The index, compiled by IHS Markit, rose to 52.5 in March from 50.7 in February, the third month in a row that is has been above the 50 mark which separates growth from contraction.
Output and new orders sub-indexes rose to their highest since October 2016, suggesting the world's fastest growing major economy has largely recovered from Prime Minister Narendra Modi's shock decision in November to demonetise high-value currency notes.
The move caused huge disruptions to daily life and businesses in the largely cash-based economy.
The survey also showed encouraging signs on the inflation front, which has come squarely back on the central bank's radar in recent months.
"The favourable demand environment was supported by relatively muted inflationary pressures.
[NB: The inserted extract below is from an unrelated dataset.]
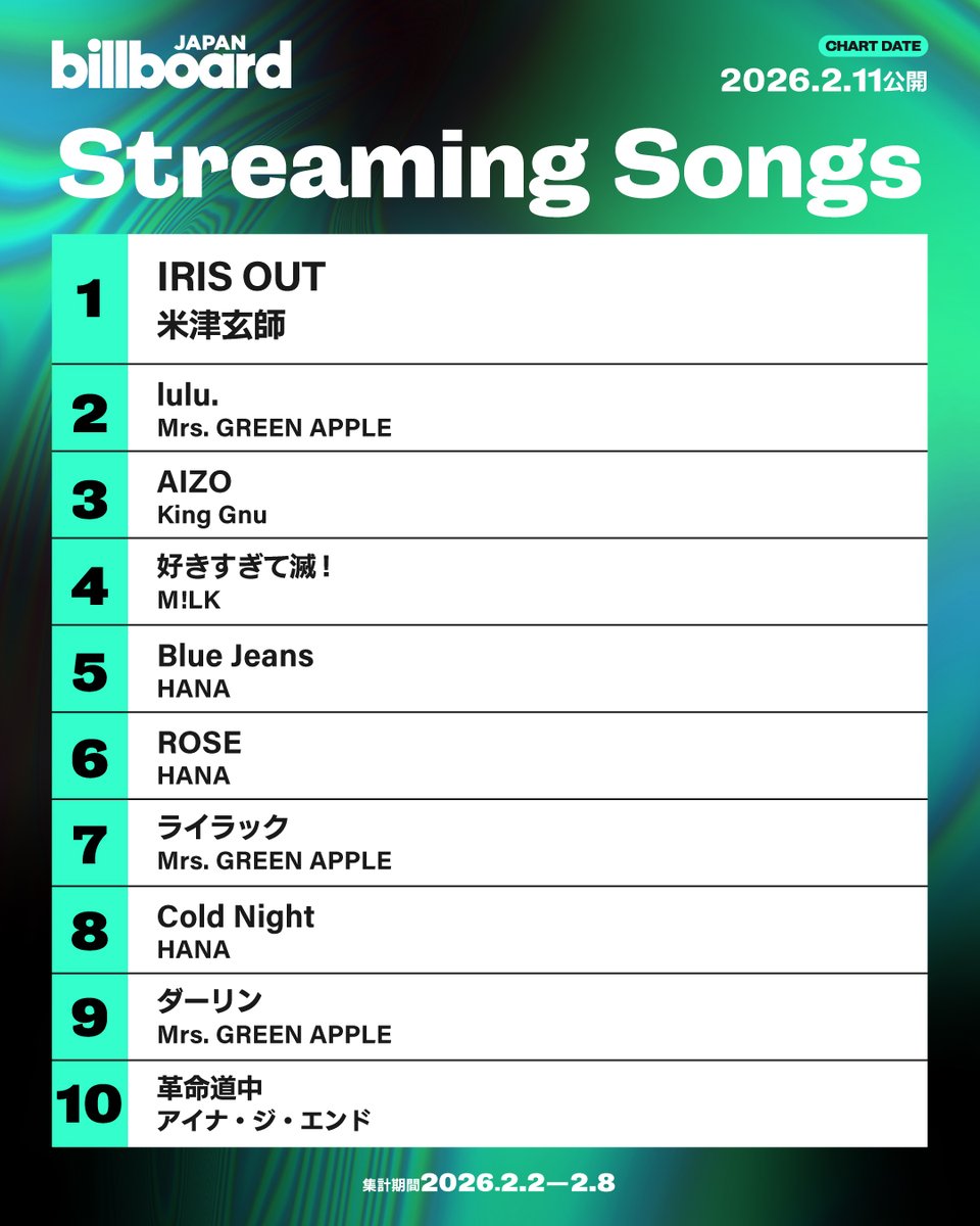 ニュース| 米津玄師の「IRIS OUT」(アイリス アウト)が、18日発表の最新「オリコン週間ストリーミングランキング」で1位を獲得。「連続1位獲得週数」記録を22週連続に伸ばし、YOASOBI「アイドル」と並ぶ、歴代3位タイ、ソロアーティスト歴代単独1位記録を自己更新した。 週間再生数は1117.2万回(11,171,569回)。2025年9月29日付から22週連続で週間再生数1000万...

Given that input costs rose at a softer pace, a whopping 96 per cent of goods producers kept their selling prices unchanged over the month," said IHS Markit economist Pollyanna De Lima.
Input prices rose at a slower pace compared to February, and there was a corresponding slowdown in the pace of output price rises as well, which likely helped increase demand.
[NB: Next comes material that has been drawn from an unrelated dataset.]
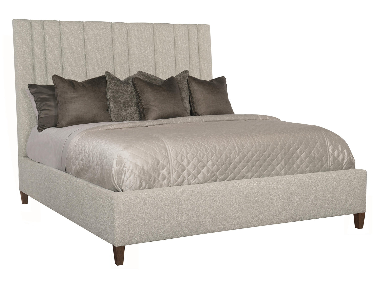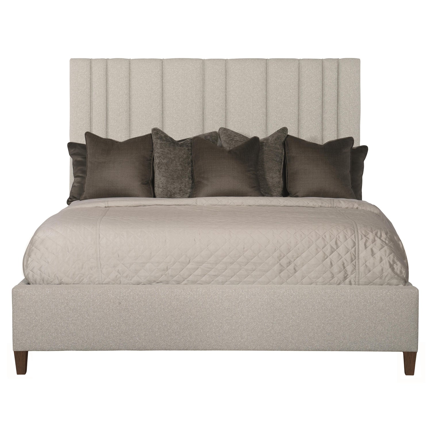 - Tapered headboard with upholstered channels in random widths, and welt between channels

The new orders index rose to a 5-month high of 53.6 from 51.3 the previous month.
Inflation picked up pace in February to 3.65 per cent, after slowing in the previous month to 3.17 per cent, its lowest in at least five years, but it was still below the central bank's 4 per cent target.
The Reserve Bank of India shifted its stance to neutral from accommodative and kept the policy repo rate unchanged at 6.25 per cent in its February meeting, opting to wait for more clarity on inflation trends and the impact of demonetization.
Economic growth for the October-December quarter came in at 7.0 per cent, a bit slower than the 7.4 per cent in the previous quarter but much faster than the 6.4 per cent expansion forecast by economists in a Reuters poll, many of whom had expected a sharper hit from the cash crunch.
The lower house of parliament on Wednesday passed key legislations paving the way for implementation of a nationwide goods and services tax (GST) from July, which is expected to spur economic growth by 1 to 2 percentage points.
Most manufacturing and services items will be taxed at standard rates of 12 per cent and 18 per cent under the four-slab GST structure.